MMG arbeitet bereits seit Monaten an der neuen CCF unter der Leitung von Niccolò Ubertalli, einem ehemaligen Mitarbeiter der italienischen Bank Unicredit, der im Januar 2023 zum CEO ernannt wurde. Ziel ist es, auf der Grundlage der Marke CCF eine "französische Vermögensbank nach menschlichem Maß" zu schaffen.
Ein Finanzdrama mit vielen Wendungen
Der Verkauf des franzosischen Privatkundengeschafts von HSBC an My Money Group war eine Seifenoper mit vielen Wendungen. Die beiden Parteien gaben zunächst im Juni 2021 eine Absichtserklärung bekannt, der im November desselben Jahres eine Vereinbarung folgte.
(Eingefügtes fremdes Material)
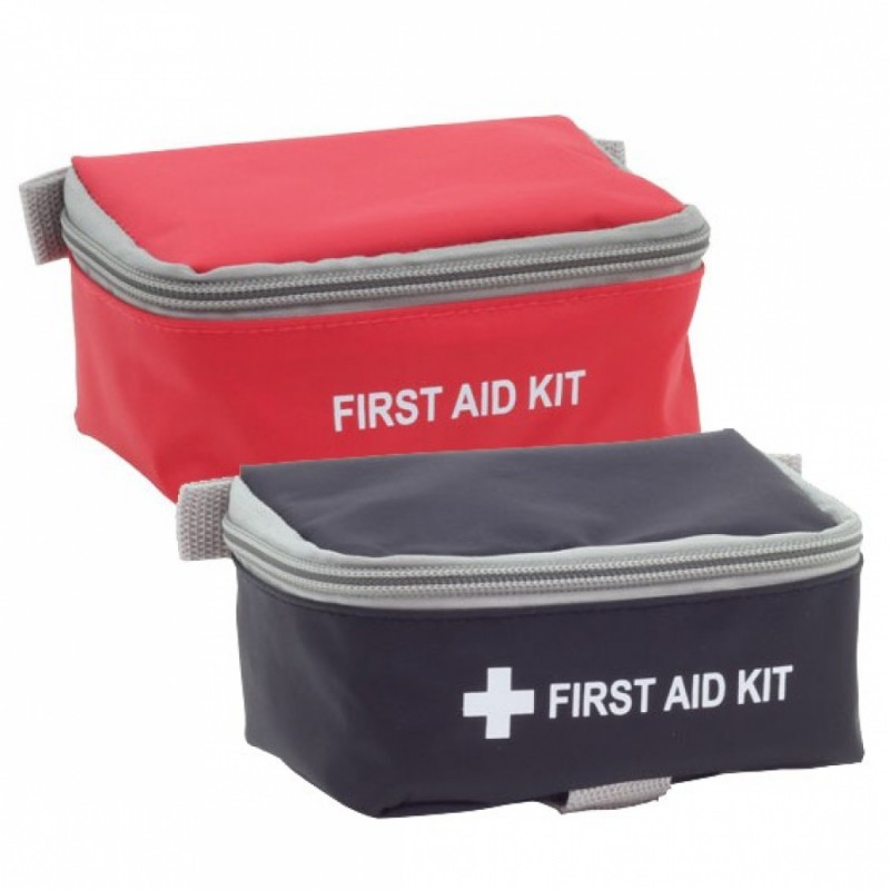 First aid kit includes 5 adhesive bandages, 4 alcohol pads, paper tape roll, 2 safety pins, 5 gauze pads, 1 gauze roll, 1 triangular bandage and scissors in case. --Undecorated Stock Available in 5 Working Days--

Doch in der Zwischenzeit machten steigende Zinssätze der Zentralbank eine Einigung unwahrscheinlicher.
Schließlich wurde eine neue Vereinbarung angekündigt, aber die letzte Phase des Verkaufs verlief nicht reibungslos: Gewerkschaftsvertreter leiteten ein Abmahnverfahren ein, und ein administratives Problem mit der Zulassung der Bank verhinderte, dass Gewerkschaftsvertreter in die neue Struktur übernommen wurden.
Die CFDT ging in die Offensive und furchtete um die Zukunft des Netzes. Nach Angaben der CFDT werden drei Viertel der Geldautomaten, die im Zuge der Umwandlung außer Betrieb genommen werden, verschwinden. Diese Angaben wurden von der Unternehmensleitung nicht bestätigt. Die französische Tochtergesellschaft hat den Anbieter auch viel Geld gekostet: Im dritten Quartal 2022 wurde eine Wertberichtigung in Höhe von 2,4 Milliarden Dollar vorgenommen.
Die Mitarbeiter sind besorgt uber die Unklarheit der neuen Strategie
My Money Group ist in Frankreich eingetragen, gehört aber uber eine in den Niederlanden ansässige Gesellschaft dem US-Fonds Cerberus, benannt nach dem Wachter der Unterwelt in der griechischen Mythologie. Der Wechsel zu einem anderen Unternehmen wird von den Mitarbeitern ebenso erwartet wie befurchtet. "Erwartet, weil nur eine kleine Minderheit die HSBC vermissen wird, gefurchtet, weil wir zu einem Unternehmen wechseln werden, uber dessen kommerzielle und strategische Pläne wir nichts wissen", sagt Eric Poyet, Gewerkschaftsvertreter bei FO.
Der Kaufer hält sich über seine Geschaftsstrategie noch ziemlich bedeckt, hat sich aber ein einjähriges Moratorium gesetzt. Es wird erwartet, dass er einen dreijahrigen Sanierungsplan umsetzt und sich auf Arkéa, die bretonische Gegenseitigkeitsbank, als Backoffice stützt. Im Allgemeinen sind Aktionäre dieser Art jedoch selten langfristig orientiert.
Es ist nicht das erste Mal für einen Cerberus-Fonds
Cerberus ist im Bankensektor kein Unbekannter: 2007 zahlte er 3,2 Mrd. EUR fur die Ubernahme der ehemaligen osterreichischen Gewerkschaftsbank Bawag, die im Jahr zuvor vom Konkurs bedroht war, bevor sie ein Jahrzehnt spater an die Borse gebracht wurde.
Im Jahr 2015 erwarb sie außerdem vom britischen Finanzministerium das Hypothekenportfolio der 2008 verstaatlichten Northern Rock Bank. Dies fuhrte zu einer Auseinandersetzung zwischen dem Fonds und einer Gruppe von Kreditnehmern, die ihren Kreditgeber dafür kritisierten, dass er keine neuen marktüblichen Zinssätze anwandte, die niedriger waren als die, mit denen sie sich verpflichtet hatten.
Insgesamt ist die Vereinbarung umstritten. Sie könnte zu mehr Wettbewerb auf dem französischen Markt für Privatkundenbanken führen, aber auch zu einem Abbau von Arbeitsplätzen und einer Verschlechterung des Kundendienstes.